One of the biggest challenges in implementing NIS2 is not technical. It is conceptual.
Many organizations struggle to answer seemingly simple questions:
- what truly belongs to the NIS2 scope
- which elements are critical
- where evidence actually lives
- how governance connects to operations
At the root of this confusion is often one mistake: failing to distinguish between systems and assets.
What NIS2 means by “system”
NIS2 focuses on services and functions that support organizational operations. A system is not a server or a tool, but a logical service.
Examples of systems:
- Customer Portal
- Authentication Service
- Incident Management System
- Payment Processing System
A system:
- supports an essential or important service
- has direct impact on continuity and security
- defines what authorities expect to see in scope
NIS2 asks:
“Which systems are critical to delivering your services?”
What assets are
Assets are the concrete components that make a system work:
- applications
- databases
- cloud infrastructure
- identity providers
- monitoring tools
- backups
Assets:
- change more frequently
- are managed by different teams
- are where controls are applied
- are the natural home of evidence
Logs, configurations, test reports, backups: evidence lives on assets, not on systems.

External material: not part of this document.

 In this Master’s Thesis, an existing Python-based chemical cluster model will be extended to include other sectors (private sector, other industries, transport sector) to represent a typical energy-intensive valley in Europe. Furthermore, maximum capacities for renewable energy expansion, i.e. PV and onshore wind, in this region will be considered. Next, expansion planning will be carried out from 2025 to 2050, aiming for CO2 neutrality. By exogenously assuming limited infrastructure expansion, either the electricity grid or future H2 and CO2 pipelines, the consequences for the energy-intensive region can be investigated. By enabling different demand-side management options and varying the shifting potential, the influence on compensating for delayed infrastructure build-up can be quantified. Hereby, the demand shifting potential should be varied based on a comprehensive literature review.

Why this distinction matters for NIS2
NIS2 requires demonstrable control. That control exists on two connected but distinct levels:
- Systems → define what is critical
- Assets → demonstrate how it is controlled
Without this separation:
- scope becomes unclear
- evidence is fragmented
- accountability is blurred
- audits become hard to explain and defend
With a clear distinction:
- scope is readable
- ownership is assignable
- evidence is traceable
- audits become coherent narratives
A practical example
Consider a Customer Portal.
The system is the service as a whole. Assets may include:
- Web application
- Backend API
- Customer database
- Identity provider
- Cloud production account
NIS2 looks at the Customer Portal as a critical system. Your ability to demonstrate compliance depends on:
- which controls apply to the assets
- which evidence exists
- who owns them
- what happens during an incident
Without this mapping, compliance remains abstract.
Inventory as a governance tool, not a CMDB
A common mistake is treating inventory as a technical exercise. NIS2 does not require a full CMDB. It requires understanding and control.

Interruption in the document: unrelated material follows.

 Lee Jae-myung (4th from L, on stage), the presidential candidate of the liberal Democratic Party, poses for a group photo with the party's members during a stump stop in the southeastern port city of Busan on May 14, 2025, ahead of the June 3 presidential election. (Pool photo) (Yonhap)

An effective compliance inventory:
- is essential, not exhaustive
- is risk-oriented
- connects systems, assets and suppliers
- supports audits, incidents and reporting
It is a governance tool, not a catalog.
The AuditReady model
AuditReady is built around this distinction:
- systems define the NIS2 scope
- assets host controls and evidence
- audits, incidents and simulations connect the two layers
This model allows organizations to:
- explain compliance clearly
- demonstrate it with real evidence
- sustain it over time without friction
Without a system–asset distinction, NIS2 remains theoretical. With a clear distinction, it becomes auditable.